Стояли мы в вестибюле воспитательного дома в серый весенний день, когда еще много нестаявшего снега и улицы тонут в тумане. Жалко было ребеночка, мелькала мысль усыновить его. Но сами были неустроенны, жили случайными литературными заработками и уроками. Сторож окликнул нас: “Барышни, а барышни! Вы, как видно, не спешите. Если есть времечко, пошли бы шпитанцев покрестить”. Мы пошли. Сиделка положила нам на руки копошащиеся свертки. Появился священник, и процессия из семи или восьми крестных матерей (все сиделки, кроме нас) и одного отца- сторожа пошла кружить кругом купели. Когда это кончилось и мы вышли на крыльцо, сестра стала неудержимо, до слез хохотать. Потом, когда садились в сани, стала очень серьезной, сказала: “Там окрестить, там похоронить, там стишок, там проза, Петербург, Киев, Воронеж, Калитва… Что Бог дал, то и делаем. А ведь жизнь должна же быть прямой, как стрела!”

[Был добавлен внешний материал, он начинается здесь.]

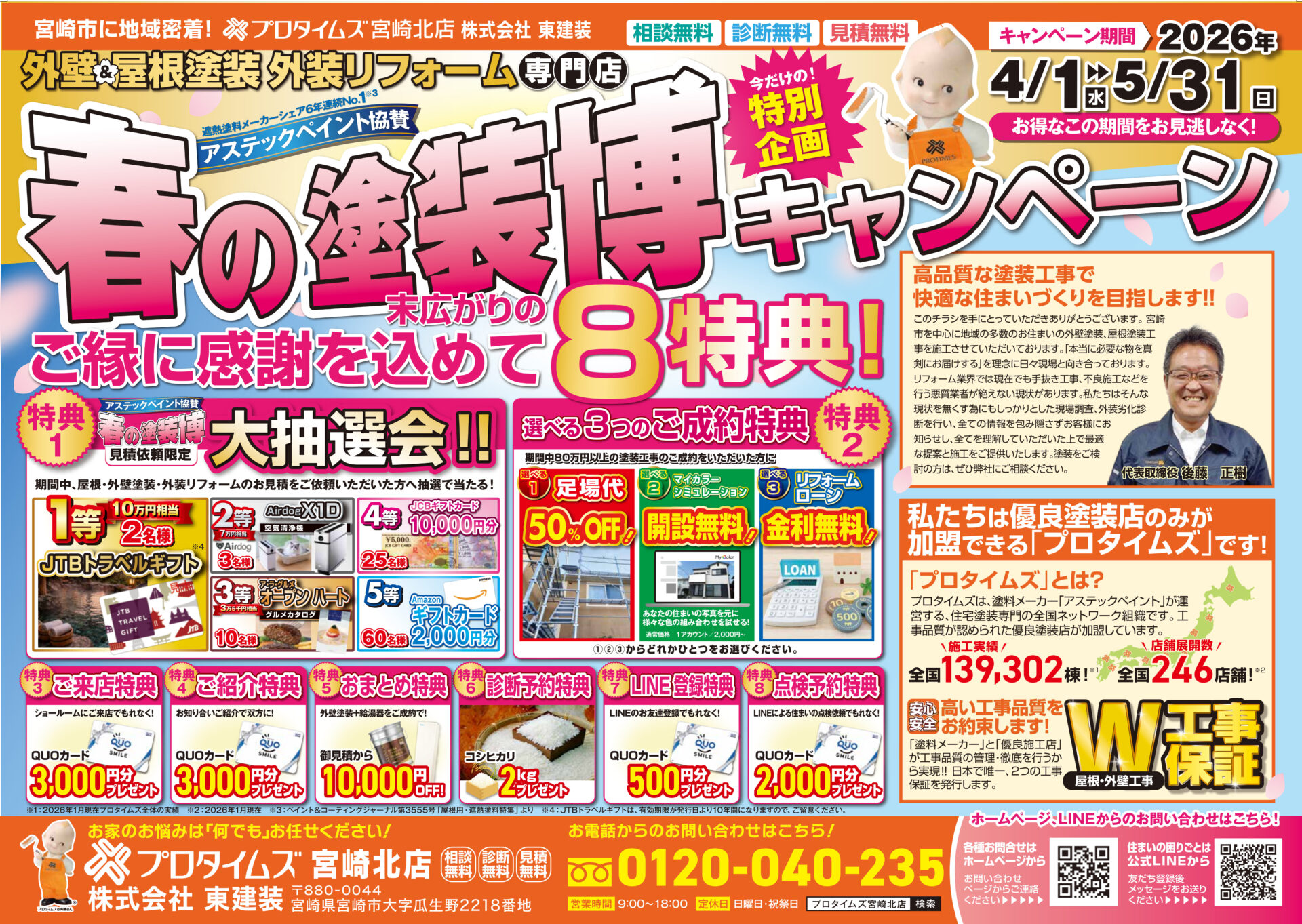 宮崎市で”そろそろ塗り替えしようかな?”と考えられている方にお得な情報!! 春の塗装博キャンペーン、お得な8特典!をご紹介します。

18 октября. Москва. Красные ворота
Открытие памятника Сакулину[241] на Новодевичьем кладбище. Людмила Васильевна, его ученица, рассказывает о выступлении Гусева[242]. Прочел присланную умирающим Чертковым краткую речь, на всех произведшую сильное впечатление. О важности духовных ценностей, о необходимости быть готовым к смерти.
Степуны[243] описывали памятник Аллилуевой (там же). Бюст на высоком белом пьедестале[244]. У подножья роза из розового мрамора. Почему так взволновал меня этот замысел: точно я где-то уже касалась, видела, читала, точно он прошел через мою душу и как замысел, и как исполнение.
Роза из розового мрамора; бюст рано умершей женщины, загадочным жестом положившей руку на грудь близко к подбородку. По народному поверью там, где “душка”, душа. Задержать ли ее исход, утишить ли ее волнение, поведать ли земную или загробную уже тайну хотел этот жест (он может быть также исповедническим), я ведь не видела памятника, отчего же так ясно, до последнего штриха вижу ее…
(Ему 16.)
Ромен Роллан пишет внуку Екатерины Васильевны, Сереже[245]: как счастлив ты, что живешь в такую эпоху, в такой стране, которая умеет приносить такие великие жертвы во имя будущего, которая живет для блага всего человечества, а не для своих узко эгоистичных целей в каждом отдельном человеке.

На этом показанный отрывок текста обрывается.